La legislación laboral de Guatemala, que algunos estiman como un gran legado de la Revolución de 1945, es una de las causas principales de la pobreza en el país y es una de las más notables muestras de hasta qué punto el ser humano es capaz de engañarse a sí mismo.
La legislación laboral de Guatemala está basada en los siguientes presupuestos: primero, la generalidad de los patronos tiene el poder de abusar de sus empleados; segundo, la generalidad de los trabajadores carece de la inteligencia o de la comprensión de las cosas, como para dejar que decidan, libremente, cómo emplearse; y, por último, la legislación laboral puede establecer un régimen en el que se ignoren las leyes del mercado, sin consecuencia alguna para la sociedad.
Con base en esa visión, la legislación laboral de Guatemala ha contribuido a generar dos gigantescos problemas: primero, un mercado laboral informal que ya es mayoritario; y segundo, un movimiento sindical que juega a doble banda, maximizando los líderes sus privilegios especiales, a cambio de negociar ventajas “aceptables” para el patrono.
Desde la izquierda se insiste, cada vez que se organiza la huelga de dolores, en que las leyes laborales no se cumplen y que el Gobierno no hace nada. Es más, se quejan de que la inaplicación del régimen del salario mínimo es un escándalo y que, a pesar de estar a la vista de todos, el Gobierno no actúa.
Pero, imaginemos por un momento que el Gobierno actuara. Supongamos que contratara, de la noche a la mañana, a cincuenta mil inspectores que fueran por las ciudades y pueblos del país multando a los patronos que no paguen el salario mínimo y, además, apercibiéndolos de pagarlo o de soportar multas más graves. Imaginemos que, gracias a su eficiencia, en un mes fuesen multados cuarenta patronos por cada inspector, es decir, dos millones de patronos. Imaginemos que cada uno de ellos tuviera en promedio cinco trabajadores, abarcándose así a diez millones de personas.
En esta imaginaria “cruzada por la legislación laboral” –que yo supongo sería aplaudida por los veneradores de la Revolución del ’45—, ¿cuántos patronos, estima usted, optarían por “cerrar la tienda”? Sin ser demasiado dramáticos, pensemos que dos de cada diez. Y, ¿cuántos cree usted que “negociarían” algo con el inspector la próxima vez, quedándose luego en la informalidad? Digamos que, sin ser exagerados, otros tres de cada diez. Y, ¿cuántos despedirían a uno o más trabajadores, para que alcance para pagar las multas? Otros tres, imaginemos. El resto, dos de cada diez (seamos optimistas), pagarían las multas y, de ahí en adelante, también los salarios mínimos.

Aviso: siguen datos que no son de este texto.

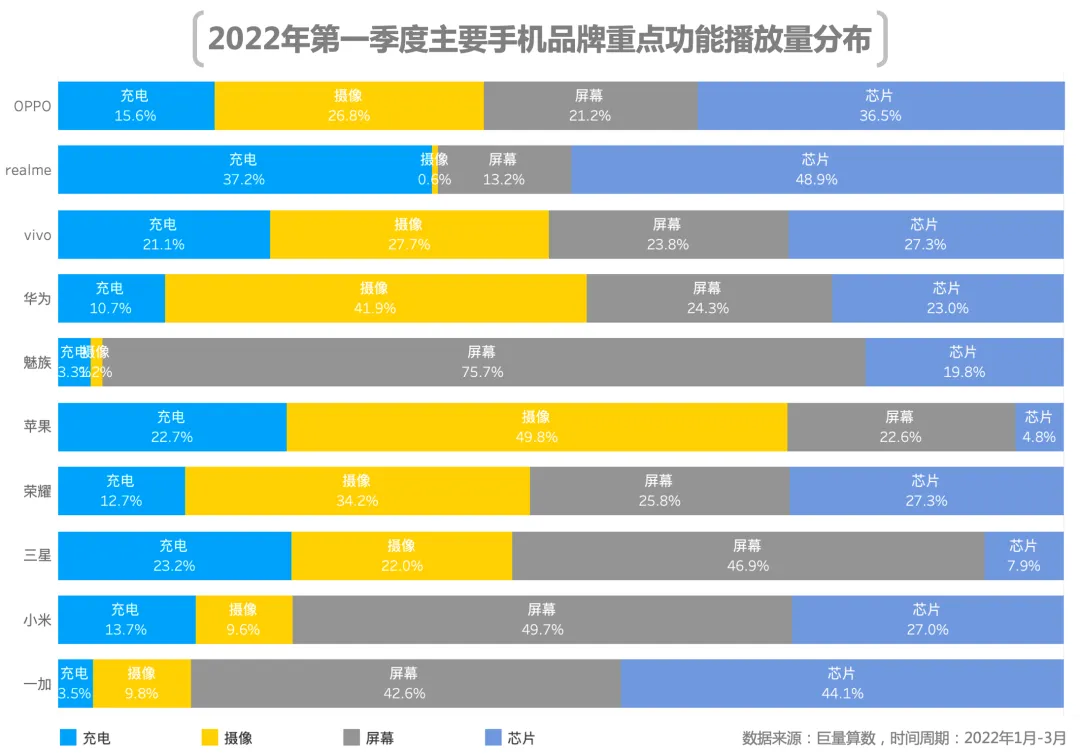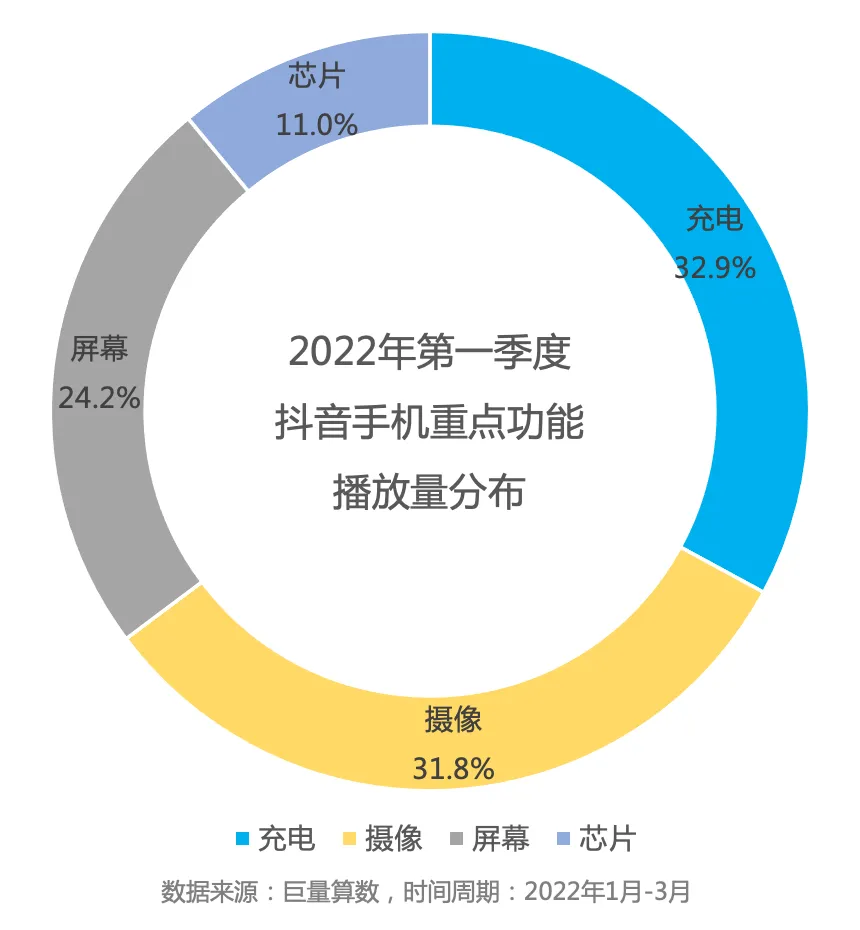 从以往数据来看,用户对于手机功能的关注方向依然集中在充电、摄像、屏幕、芯片等核心功能领域。而在本季度中,充电与摄像占据了手机重点功能播放量的六成以上。

Por supuesto, todo eso es imaginario y menos mal porque, si se hiciera realidad la cruzada, millones de trabajadores informales que hoy en día tienen un empleo precario, también eso perderían. La cuestión fundamental, sin embargo, es la siguiente: ¿a quiénes protege la legislación laboral? Y la respuesta está clara: a los empleados de aquellos patronos que, por la productividad los primeros, de todas maneras les conviene pagar las prestaciones de ley.